Entries taken from a collection

╭──

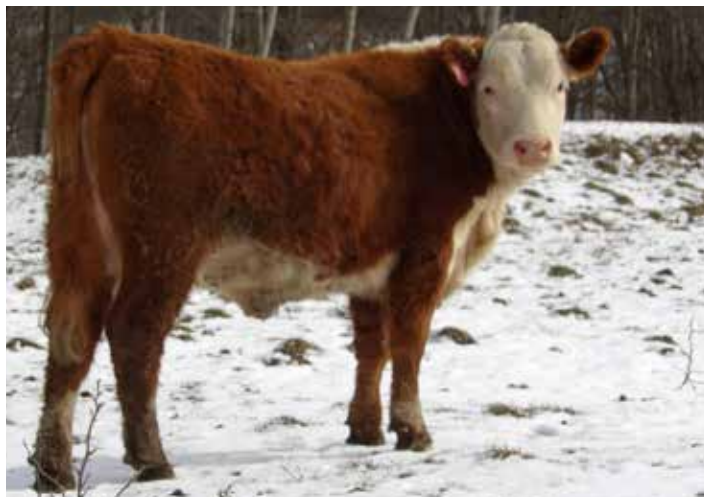
CHURCHILL DESPERADO 029H — SIRE OF LOT 435
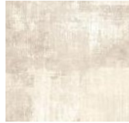
9 x 21 Fabric # 1
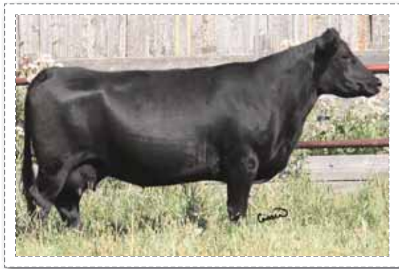
119 ~ Crowfoot Rose Lee 5705R
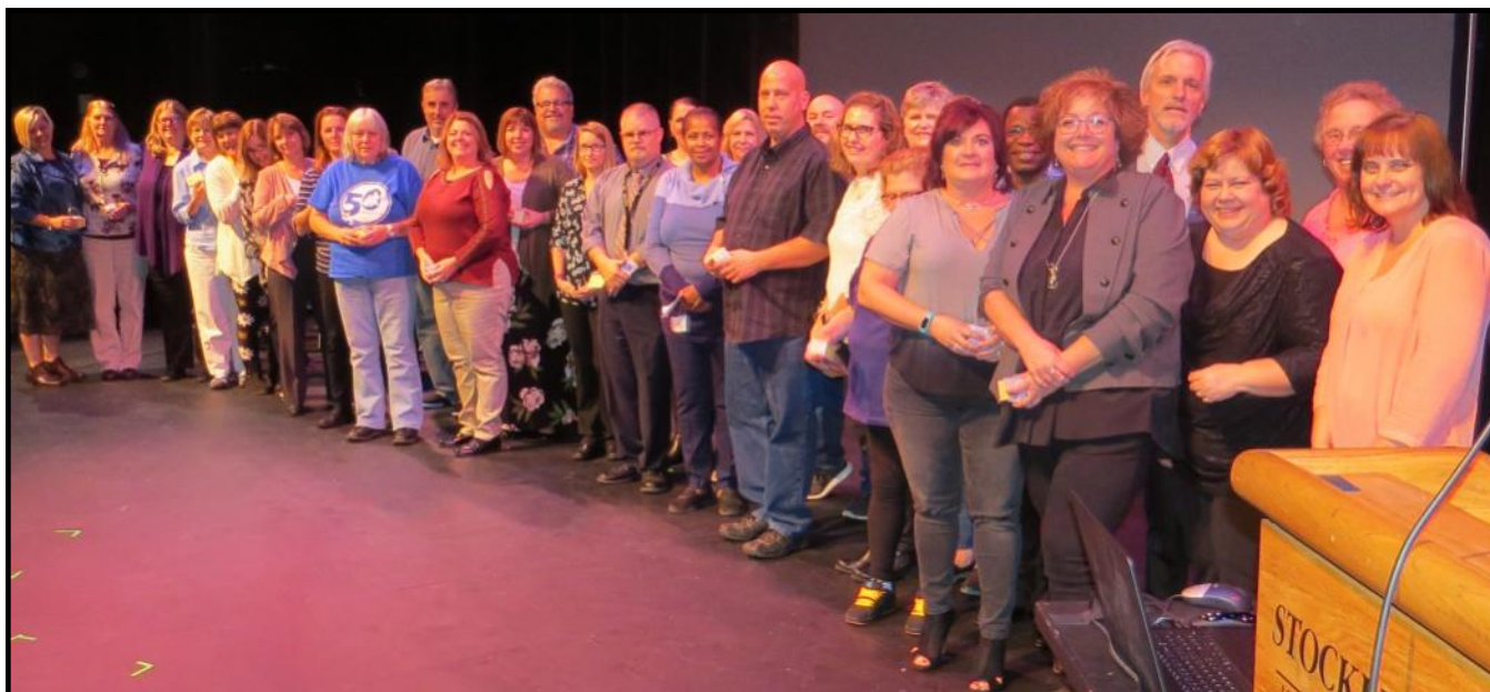
Above, 20 year award recipients smile with their supervisors.
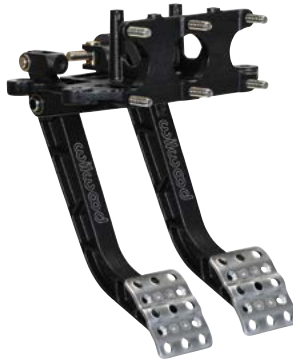
340-11299 6.25:1 340-13835 5.1:1 340-13836 6.25:1/5.1:1 Reverse Swing Mount Brake and Clutch Pedal
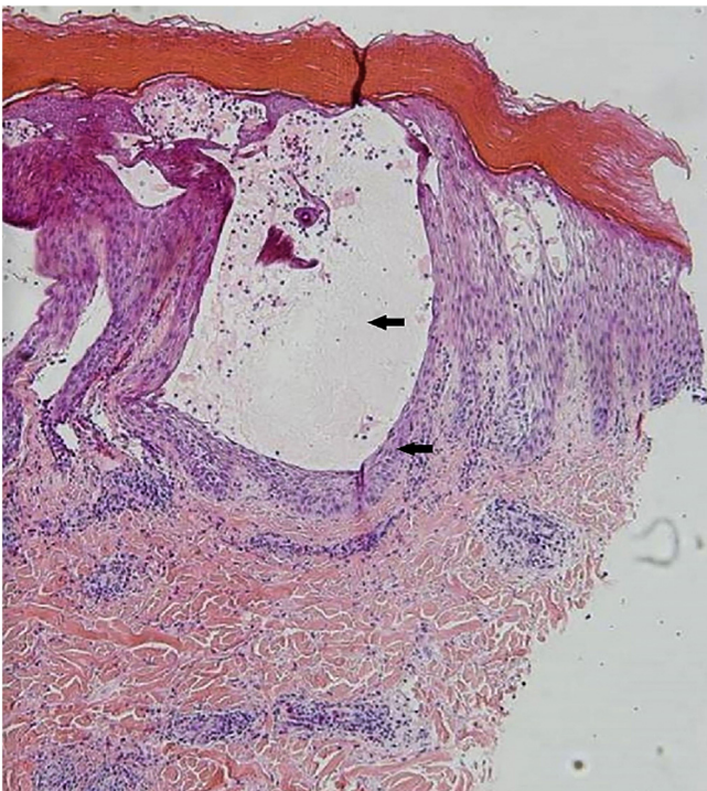
Figure 4 Skin biopsy on the arm showing intraepidermal blister and intense spongiosis (Hematoxylin & eosin, 40×).
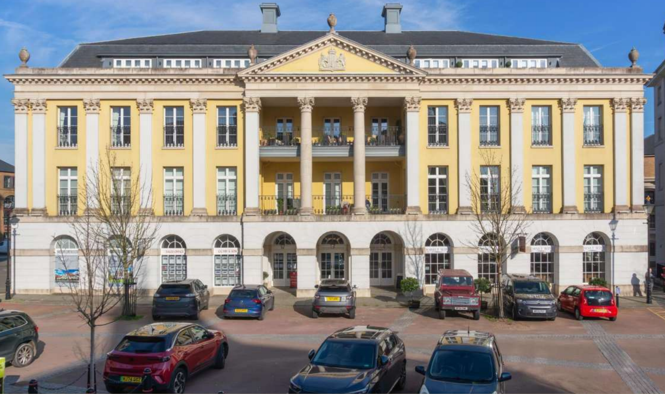
Strathmore House Poundbury Price Guide £700,000
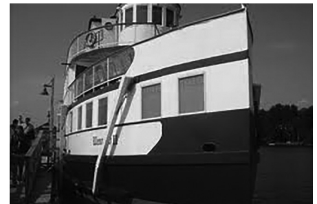
Wenonah II – realmuskoka.com/muskoka-steamships/

Muskoka Lakes Navigation Company –Hop aboard the RMS Segwun , the oldest operating steamship in North America. Enjoy the modern conveniences blended with historical charm aboard Wenonah II .
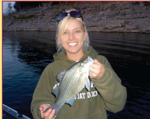
Bull Shoals White Bass
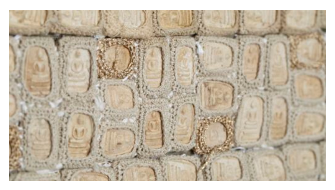
Detail of Pim Somdet I
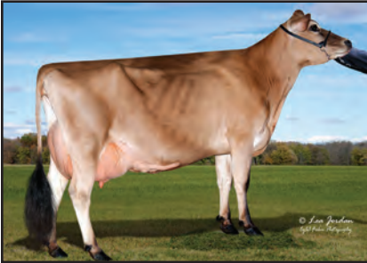
SCENIC VIEW MESCHACH BUTTERCUP-P-ET Sister to the Dam of Lot 9
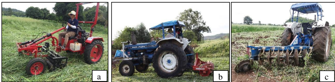
Fig. 1 (a) USDA roller-crimper, mounted on Oggun; (b) Cambodian made roller-crimper, pulled by 75-hp diesel tractor; (c) disc-plow with six discs

The data were analyzed performing analysis of variance (ANOVA) by using the R-software 6.3.1 available online. Fisher's protected LSD test at \alpha = 0.05 probability level was used to show significant difference and to determine interactions between treatment means, periods before and after rolling, and soil depths.

╰──

Give again, exactly as written above, each line from the one that has "340-11299 6.25:1 340-13835" to the one that has "Fig. 1 (a) USDA", both included; omit the pictures.

340-11299 6.25:1 340-13835 5.1:1 340-13836 6.25:1/5.1:1 Reverse Swing Mount Brake and Clutch Pedal
Figure 4 Skin biopsy on the arm showing intraepidermal blister and intense spongiosis (Hematoxylin & eosin, 40×).
Strathmore House Poundbury Price Guide £700,000
Wenonah II – realmuskoka.com/muskoka-steamships/

Muskoka Lakes Navigation Company –Hop aboard the RMS Segwun , the oldest operating steamship in North America. Enjoy the modern conveniences blended with historical charm aboard Wenonah II .
Bull Shoals White Bass
Detail of Pim Somdet I
SCENIC VIEW MESCHACH BUTTERCUP-P-ET Sister to the Dam of Lot 9
Fig. 1 (a) USDA roller-crimper, mounted on Oggun; (b) Cambodian made roller-crimper, pulled by 75-hp diesel tractor; (c) disc-plow with six discs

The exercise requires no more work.